--- ASSIGNMENT ---
The answer must be the full listing, word for word, with no pictures in it.

[DATA EXCERPT — start]

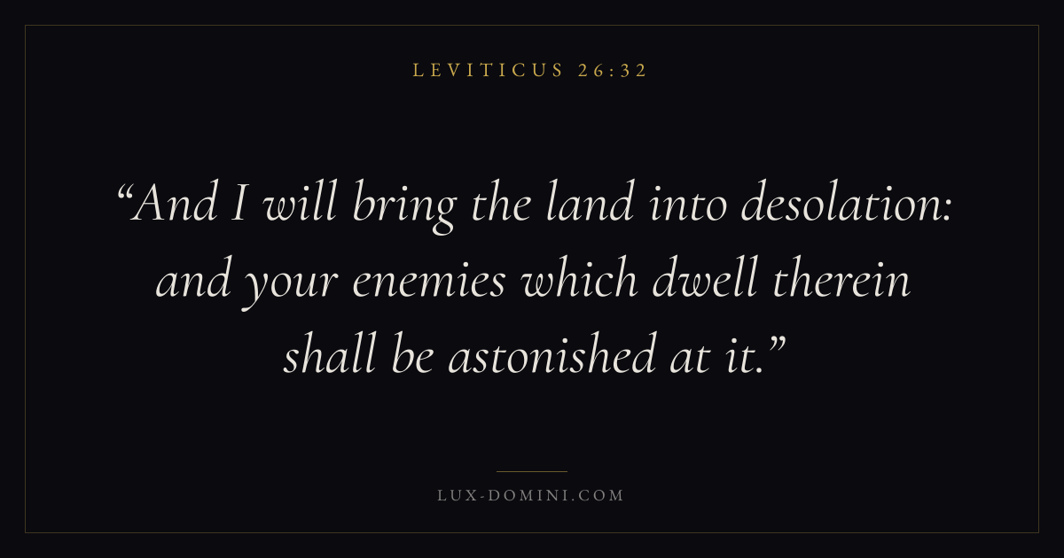 And I will bring the land into desolation: and your enemies which dwell therein shall be astonished at it.
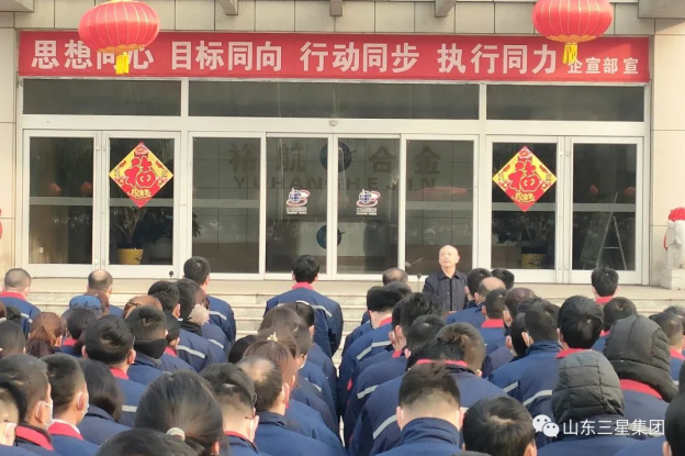 2月7日,農(nóng)歷正月初七,山東三星集團(tuán)開(kāi)工第一天,集團(tuán)黨總支書(shū)記、老董事長(zhǎng)王明峰深入各分公司,開(kāi)講“收心復(fù)位再奮發(fā) 凝心聚力向未來(lái)”開(kāi)工第一課,激勵(lì)全員以堅(jiān)如磐石的信念、滴水石穿的韌勁、舍我其誰(shuí)的擔(dān)當(dāng)力和責(zé)任感投入到新一年的工作中來(lái)。山東三星集團(tuán)各單位全體干部員工整體列隊(duì)、學(xué)習(xí)講話。
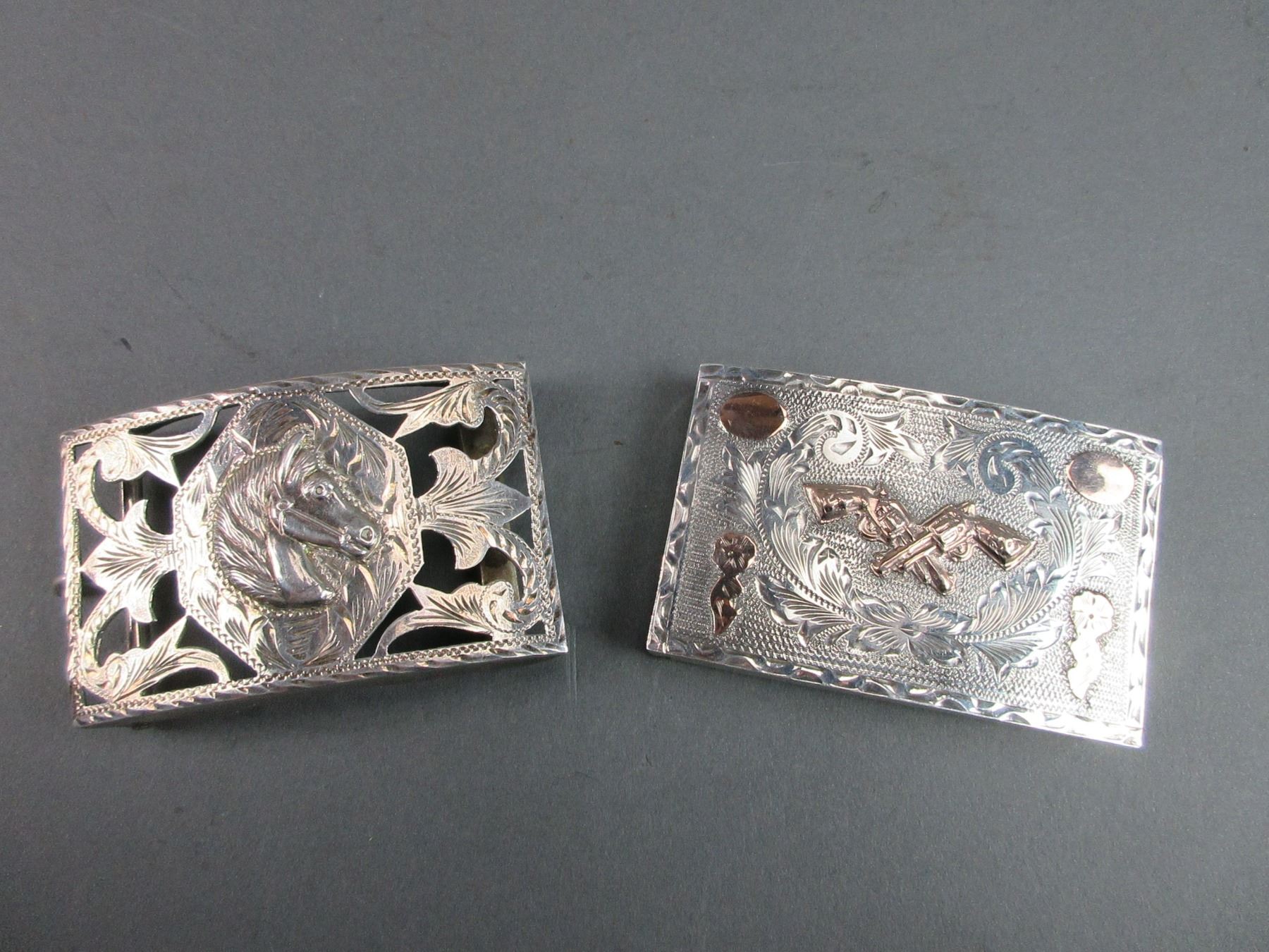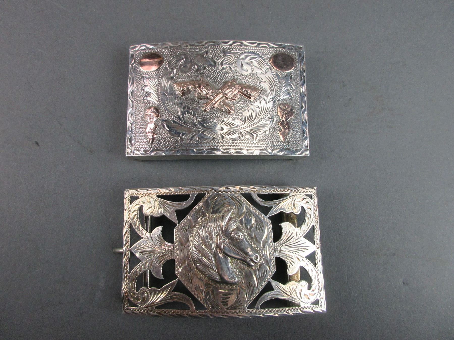 2 Sterling Marked Mexican Belt Buckles- Both Are Marked .925- 3.25" X 2"

[DATA EXCERPT — finish]

--- RESULT FOR THIS TASK ---
 And I will bring the land into desolation: and your enemies which dwell therein shall be astonished at it.
 2月7日,農(nóng)歷正月初七,山東三星集團(tuán)開(kāi)工第一天,集團(tuán)黨總支書(shū)記、老董事長(zhǎng)王明峰深入各分公司,開(kāi)講“收心復(fù)位再奮發(fā) 凝心聚力向未來(lái)”開(kāi)工第一課,激勵(lì)全員以堅(jiān)如磐石的信念、滴水石穿的韌勁、舍我其誰(shuí)的擔(dān)當(dāng)力和責(zé)任感投入到新一年的工作中來(lái)。山東三星集團(tuán)各單位全體干部員工整體列隊(duì)、學(xué)習(xí)講話。
 2 Sterling Marked Mexican Belt Buckles- Both Are Marked .925- 3.25" X 2"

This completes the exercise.